What knives are the "basic knives"? I know a chef's knife but what's the order from there?


----------



## chinacats (May 4, 2013)

The knife your mom uses likely just needs a good sharpening--realize that all knives will need to be sharpened at a point, but this can be done professionally a couple times a year or you can learn to sharpen and save even more money. 

You really only need a couple of knives--2 or 3 unless you want to get into specialty knives. A decent size chef's knife, a paring knife and maybe a bread knife--if your knives stay sharp you really do not need a bread knife, but if you want one there are a few that people really like (see Mac or Tojiro). Most sets are sold to help companies unload unwanted knives to people who don't know better. Browse around and ask questions when you have them.

Cheers


----------



## bamin (May 4, 2013)

Check out this store on ebay as well.
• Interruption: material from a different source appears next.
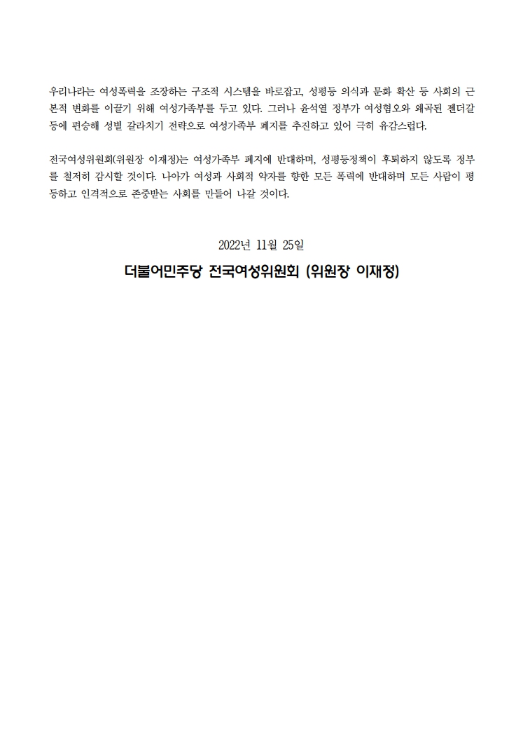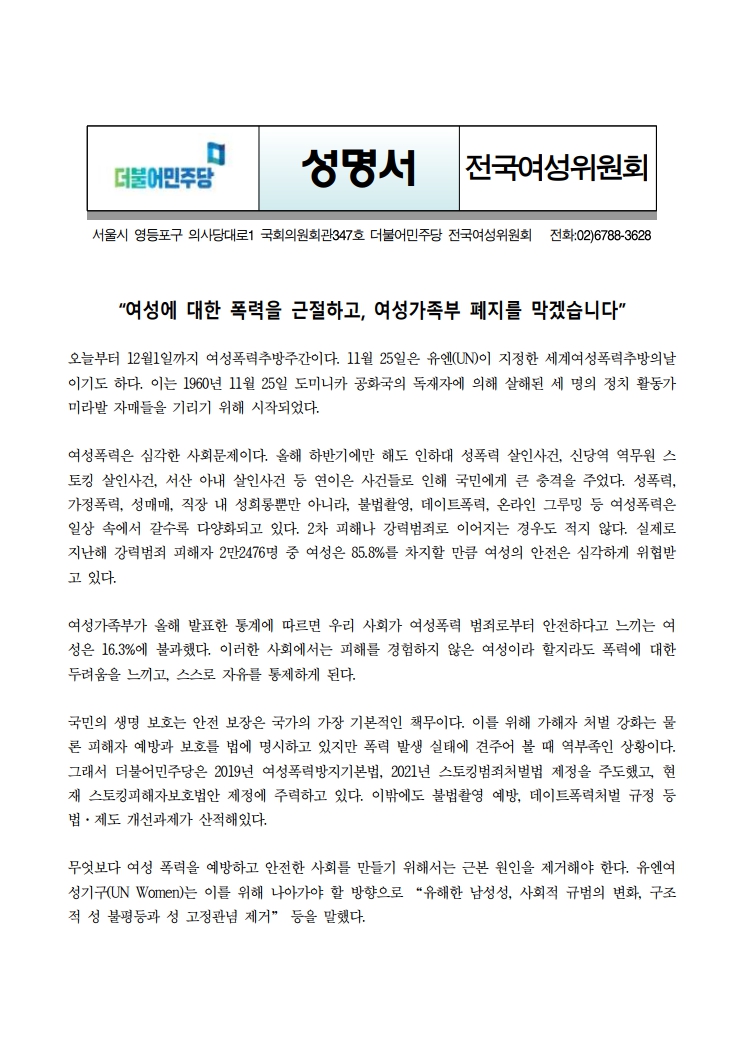 [성명서] 더불어민주당 전국여성위원회, 여성에 대한 폭력을 근절하고, 여성가족부 폐지를 막겠습니다
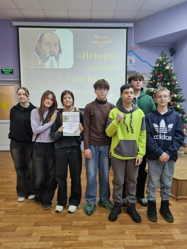 25 января 2026 года в рамках молодежного социокультурного проекта "Непропущенное чтение: общение с Великими" знатоки североморского клуба "СовиниУм" сыграли в литературно-интеллектуальную игру "История одного сатирика". Мероприятие прошло в Центральной городской библиотеке им. Л. Крейна и было посвящено 200-летию со дня рождения М. Е. Салтыкова-Щедрина.

The vendor is very helpful and the prices are not at all high.

http://stores.ebay.com/BluewayJapan


----------



## RRLOVER (May 4, 2013)

It is Very Bad Luck to give or recieve a knife as a gift......I hope you are not superstitious:angel2: I have always make my family give me a dollar when I gave them a knife,as you can guess I am superstitious


----------



## cgul629 (May 4, 2013)

I'm going to second what Phip said. Consider getting the Forschner Victorinox Fibrox knives. You can get them in a set with a block which makes a nice wedding gift and will cover all the basic knives. Those knives will serve you well, and if you wish to upgrade in the future you can do it a knife or two at a time and still use the block. I'm in the process of upgrading/adding to my fibrox knives, but they still get plenty of work.

You may also want to consider adding to the set with a a Japanese knife - like a smaller gyuto or santoku -Chinacats gave links to vendors who will help you get something suit you.

And congratulations on you upcoming wedding!


----------



## rhondarc (May 4, 2013)

Thanks! Yeah, neither of us are superstitious. That said, it will be likely that no one buys the knives for us and/or we will get money gifts so either way, we'll get a set. (We'll need it! We have nothing!)

I know knives need sharpening; my dad sharpens ours on occasion. I'll have to have someone in our area give me a lesson as the last time I tried sharpening metal tools, I killed my most used wood carving tool. (I'm an art student) Granted, that was a rounded tool but still. I'm sure I can learn from SOMEONE around here.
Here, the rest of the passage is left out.